You can also extend the wordlist with multiple words at once by passing a list or a tuple to the function. Like this:

from lesp.autocorrect import Proofreader

proofreader = Proofreader(wordlist_path="my_wordlist.txt")

words = ["reactjs", "vuejs", "angularjs"]

proofreader.extend_wordlist(words)

Remove from wordlist

An opposite of the extend_wordlist function, this function removes a word from the wordlist. Note that this function will raise a ValueError if the word is not in the wordlist. Also note that this function will not remove the word from the wordlist permanently, it will only remove it for the current session. Here's an example:

from lesp.autocorrect import Proofreader

proofreader = Proofreader(wordlist_path="my_wordlist.txt")

word = "reactjs"
proofreader.remove_from_wordlist(word)

If you want to remove multiple words at once, you can pass a list or a tuple to the function. Like this:

from lesp.autocorrect import Proofreader

proofreader = Proofreader(wordlist_path="my_wordlist.txt")

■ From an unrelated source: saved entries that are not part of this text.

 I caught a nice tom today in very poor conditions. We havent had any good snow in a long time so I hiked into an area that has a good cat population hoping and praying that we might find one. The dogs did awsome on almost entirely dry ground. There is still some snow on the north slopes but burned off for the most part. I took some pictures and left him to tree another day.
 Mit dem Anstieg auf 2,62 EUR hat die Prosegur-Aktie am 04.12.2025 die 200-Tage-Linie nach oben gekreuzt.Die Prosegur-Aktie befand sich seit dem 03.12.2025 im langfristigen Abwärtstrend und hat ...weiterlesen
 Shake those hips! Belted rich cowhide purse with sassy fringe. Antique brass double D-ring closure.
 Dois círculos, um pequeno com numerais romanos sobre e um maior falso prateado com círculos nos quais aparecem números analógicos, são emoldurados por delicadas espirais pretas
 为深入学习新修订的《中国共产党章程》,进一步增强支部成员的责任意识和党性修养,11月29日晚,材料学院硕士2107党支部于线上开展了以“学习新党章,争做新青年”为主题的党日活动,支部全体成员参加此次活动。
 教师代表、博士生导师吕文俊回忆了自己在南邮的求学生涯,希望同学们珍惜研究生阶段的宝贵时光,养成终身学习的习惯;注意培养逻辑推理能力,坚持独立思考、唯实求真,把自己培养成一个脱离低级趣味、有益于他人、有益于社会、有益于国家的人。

words = ["reactjs", "vuejs", "angularjs"]

proofreader.remove_from_wordlist(words)

Stacking

This function lets you stack two wordlist files together, so you can have a bigger wordlist out of two combined. The function will take two arguments, the source file and the destination file. The source file is the file that will be stacked on top of the destination file. Here's an example:

from lesp.autocorrect import Proofreader

proofreader.stack("wordlist.txt", "my_wordlist.txt")

Merge delete

This function lets you delete all words from the destination file that are in the source file. For example, if you have a wordlist with the following words:

apple
banana
orange

And you have another wordlist with the following words:

apple
banana
raspberry

Then, if you use the merge_delete function, the destination file will be modified to look like this:

orange
raspberry

Here's an example of how you can use it:

from lesp.autocorrect import Proofreader

proofreader = Proofreader(wordlist_path="my_wordlist.txt")

proofreader.merge_delete("wordlist.txt", "my_wordlist.txt")

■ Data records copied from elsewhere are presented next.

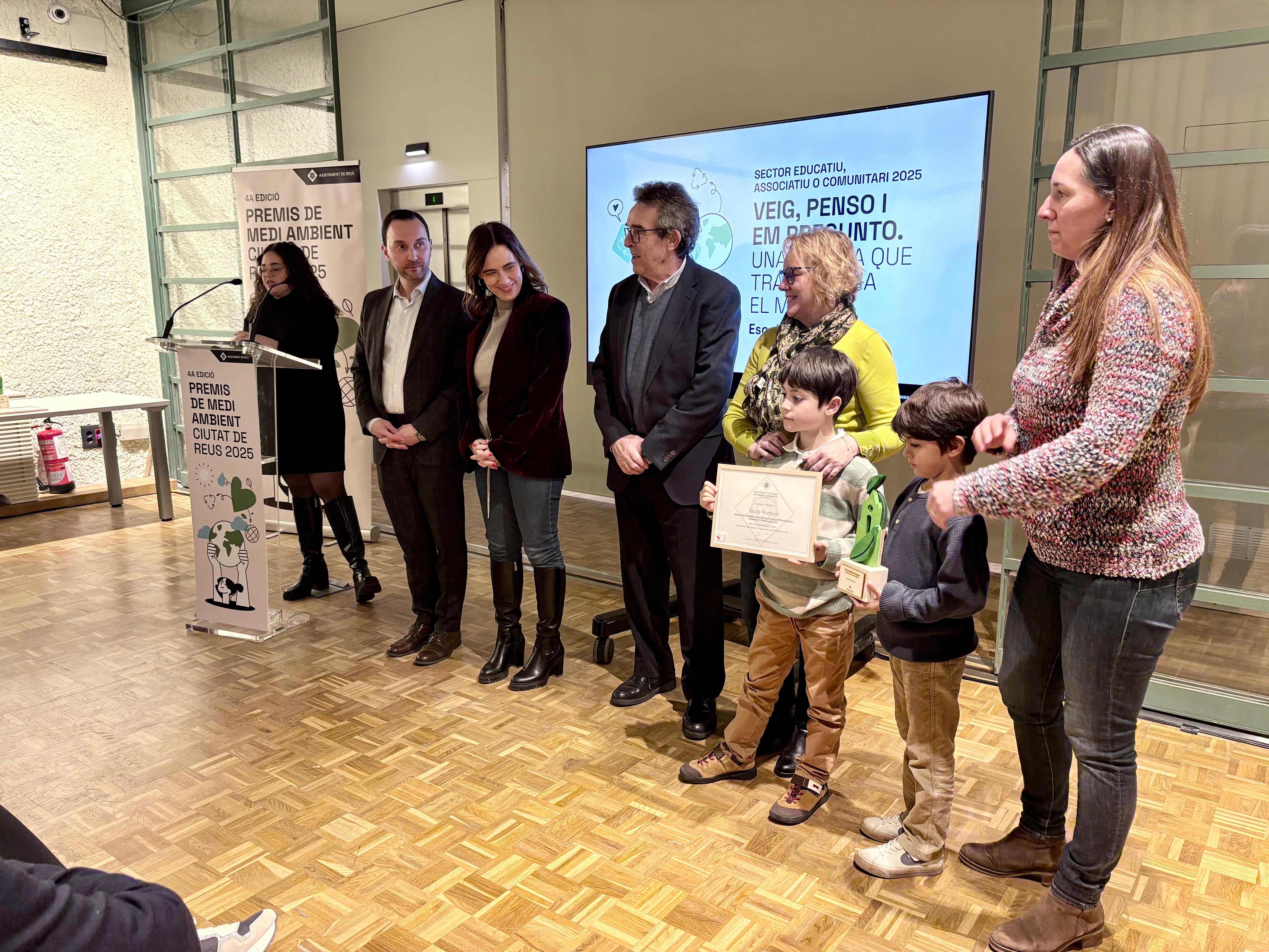 L’Ajuntament de Reus ha lliurat aquesta tarda els Premis de Medi Ambient Ciutat de Reus, corresponents a la convocatòria de 2025, en un acte presidit per l’alcaldessa de Reus, Sandra Guaita i el regidor de l’àrea de Medi Ambient, Sostenibilitat i Via Pública, Daniel Rubio, que ha comptat amb la presència d’altres regidors de la corporació i representants del sector econòmic, associatiu i comunitari de la ciutat.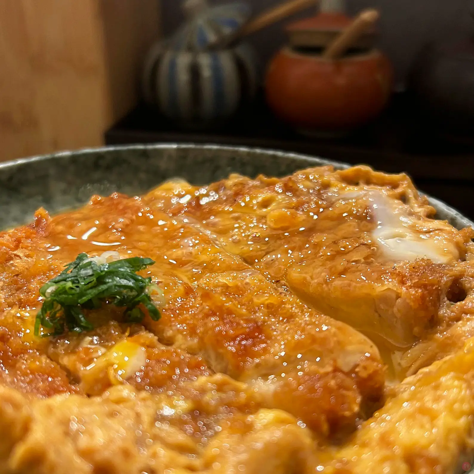 豬排蓋飯的蛋,整個打散沾在豬排上,而且是半熟的,整個蛋香滿滿,很棒
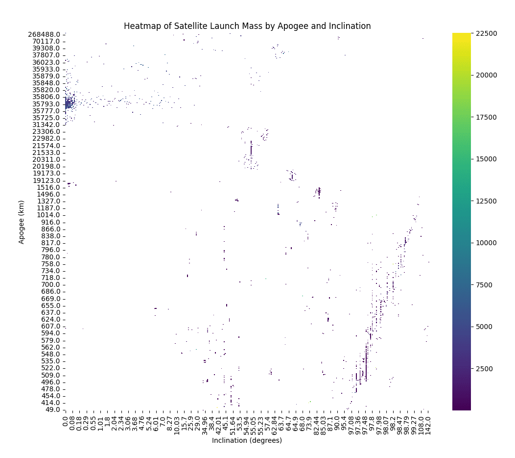 На цій тепловій мапі ми можемо побачити два основних скупчення. Перше має апогей приблизно від 500 до 1300 км і нахил орбіти від 97 до 108 градусів — це супутники на полярних та сонячно-синхронних орбітах. Друге скупчення має нахил від 0 до 7 градусів і розташоване на висотах від 19 тисяч до 36 тисяч км — це супутники на геосинхронних орбітах. Є також невелике скупчення супутників на низьких навколоземних орбітах з нахилом від 30 до 68 градусів.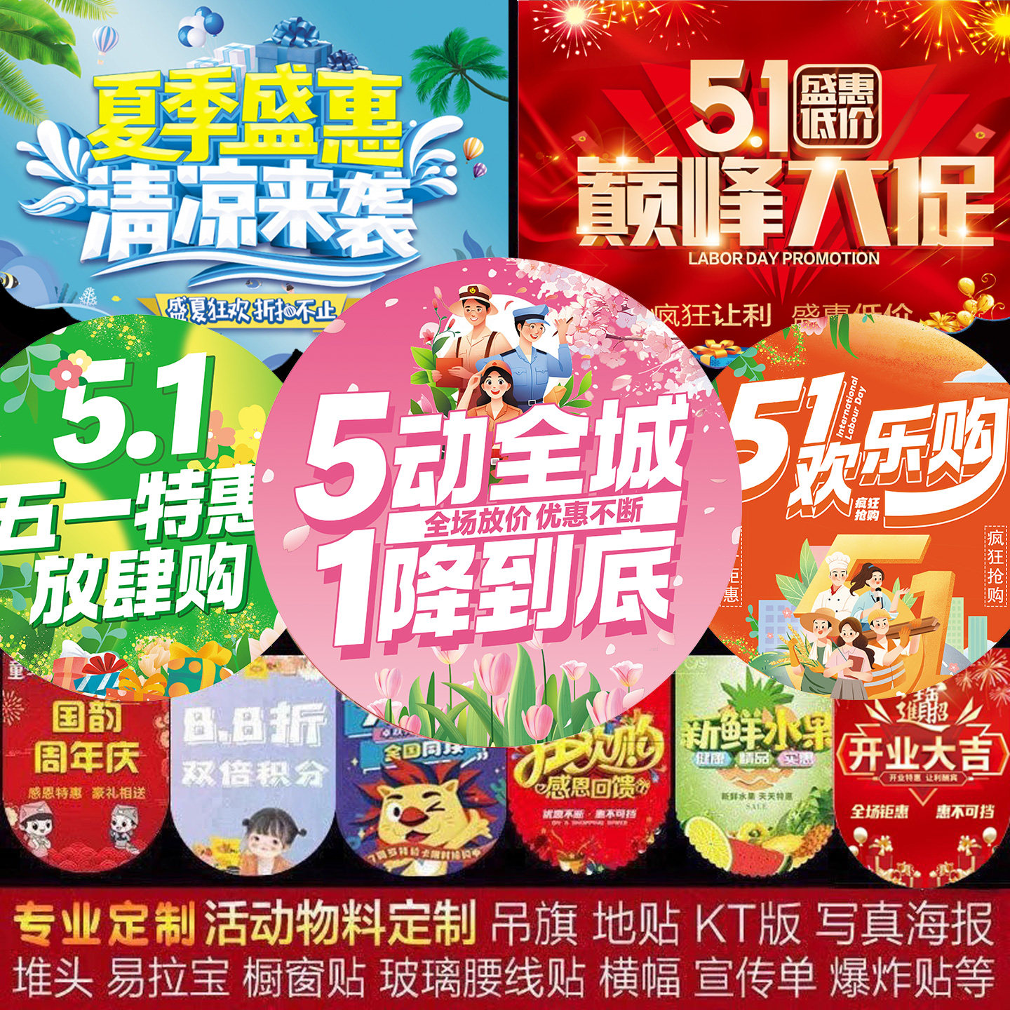 51吊旗定制盛大开业拉彩旗KT海报广告县挂杆活动周年庆五一装饰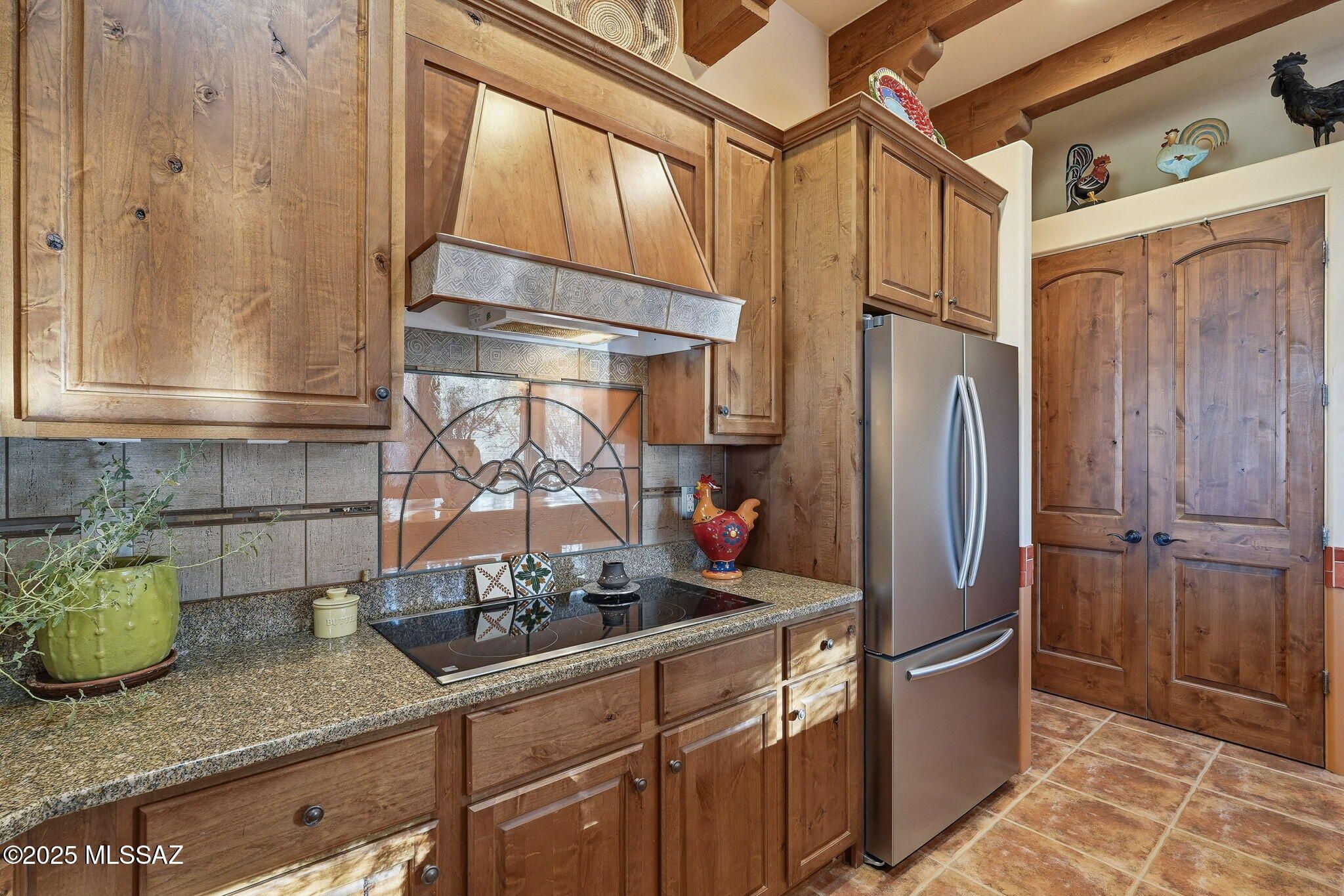 Peaceful Custom Home on Over an Acre in the Gated Alamos Estates!! Experience the beauty of desert living located in a gated community. The moment you walk in, you're greeted by tall ceilings, exposed wood beams, and a kiva fireplace that creates a sense of comfort and Southwest charm. The dining room has wood beams and rope pillars where it gives it the perfect touch of southern style. The kitchen is beautiful, featuring a custom glass backsplash, detailed hood design, and a large mesquite island with a wine fridge where it makes a perfect gathering space. With a guest bedroom that includes a full bath, family and friends will always feel welcome.

with open("my_wordlist.txt", "r") as f:
    print(f.read())

Caching

To improve the perfomance of LESP, get_similar uses a cache file to store similar words. This way, if you check the same word multiple times, it will be much faster. The default cache file is lesp_cache/lesp.cache, but you can change it by specifying the cache_file argument when initializing the Proofreader class. Here's an example:

from lesp.autocorrect import Proofreader

proofreader = Proofreader(wordlist_path="my_wordlist.txt", cache_file="my_cache.cache")

Cache works only for mistakes that have been made at least once. For example, if you check the word apgle and it returns apple, then the next time you check apgle, it will be much faster. This can save a lot of time and resources, especially if the user makes a lot of mistakes.

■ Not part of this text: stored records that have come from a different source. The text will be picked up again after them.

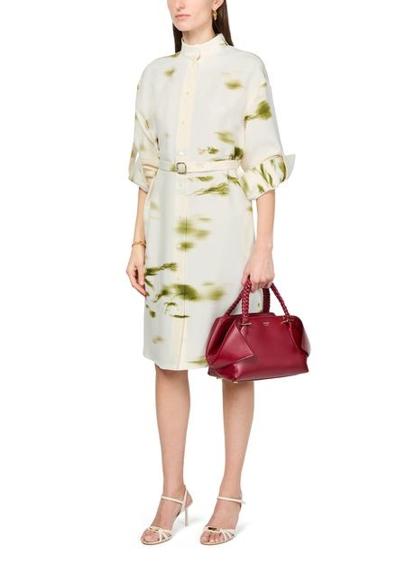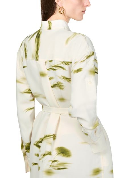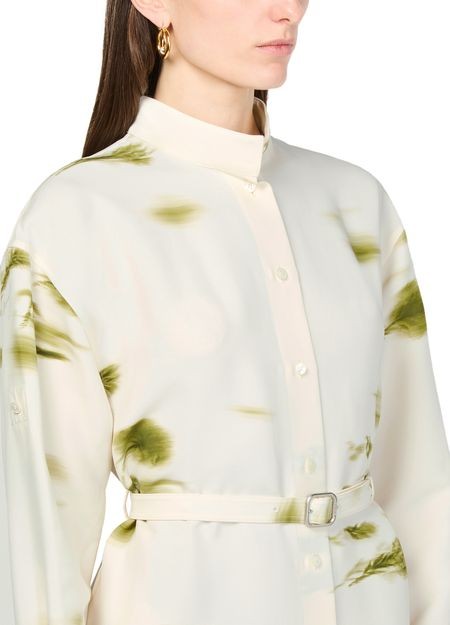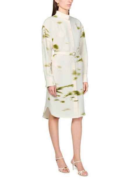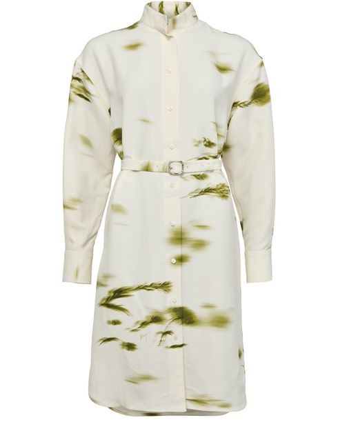 説明 : フロントボタン留め, 目に見えるステッチ, マンダリンカラー, 膝丈, ハイネック, ロングスリーブ, シャツドレス, ボタン付きカフス, プリント, 総柄.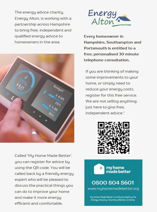 Energy Alton, the Energy advice charity and partner with ACAN, are working with a wider partnership across Hampshire to bring free, independent and qualified energy advice to homeowners in the area.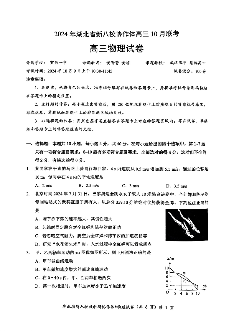 湖北省新八校协作体2025届高三10月联考物理试卷

If you want to clear the cache, you can use the clear_cache function. Here's an example:

from lesp.autocorrect import Proofreader

proofreader = Proofreader(wordlist_path="my_wordlist.txt", cache_file="my_cache.cache")

proofreader.clear_cache()

This will delete the cache file and clear the cache variable in the current session. Note that the file will be deleted permanently, so make sure you have a backup if you want to keep it.

To use the cache, you need to specify the use_cache (or set_cache if you want it to be modified) argument when calling the get_similar function. Here's an example:

from lesp.autocorrect import Proofreader

proofreader = Proofreader(wordlist_path="my_wordlist.txt", cache_file="my_cache.cache")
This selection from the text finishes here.